Prompt: Restate word for word the lines of the entries below, starting with the line that holds "山西省级非物质文化遗产项目代表性传承人赵玉先展示剪纸。郭国伟摄" and ending with the line that holds "There is a clear", and no others.

Available data:
....
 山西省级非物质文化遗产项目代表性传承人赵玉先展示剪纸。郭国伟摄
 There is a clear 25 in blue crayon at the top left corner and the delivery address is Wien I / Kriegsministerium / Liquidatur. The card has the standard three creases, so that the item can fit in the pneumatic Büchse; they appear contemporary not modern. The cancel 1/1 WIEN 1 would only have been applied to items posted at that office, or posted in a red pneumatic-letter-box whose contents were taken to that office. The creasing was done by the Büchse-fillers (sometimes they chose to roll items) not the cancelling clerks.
....
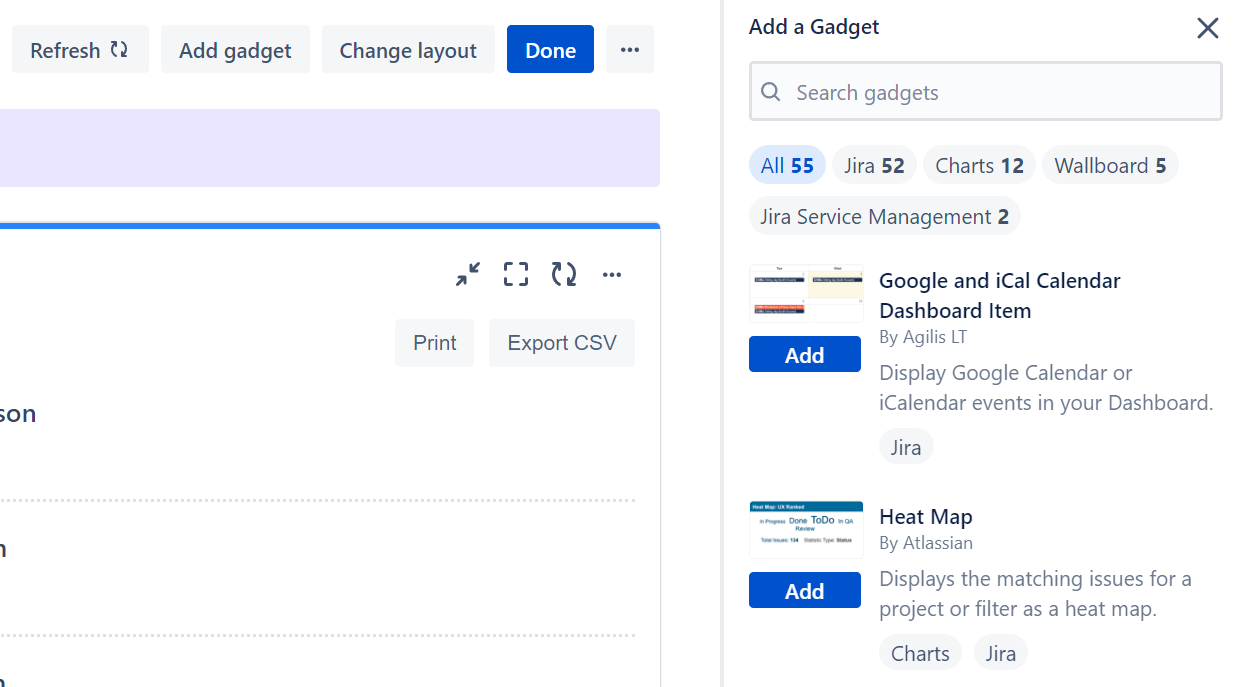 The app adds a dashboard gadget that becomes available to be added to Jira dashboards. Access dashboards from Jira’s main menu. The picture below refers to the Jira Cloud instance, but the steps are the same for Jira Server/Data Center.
....
Answer for this exercise:
 山西省级非物质文化遗产项目代表性传承人赵玉先展示剪纸。郭国伟摄
 There is a clear 25 in blue crayon at the top left corner and the delivery address is Wien I / Kriegsministerium / Liquidatur. The card has the standard three creases, so that the item can fit in the pneumatic Büchse; they appear contemporary not modern. The cancel 1/1 WIEN 1 would only have been applied to items posted at that office, or posted in a red pneumatic-letter-box whose contents were taken to that office. The creasing was done by the Büchse-fillers (sometimes they chose to roll items) not the cancelling clerks.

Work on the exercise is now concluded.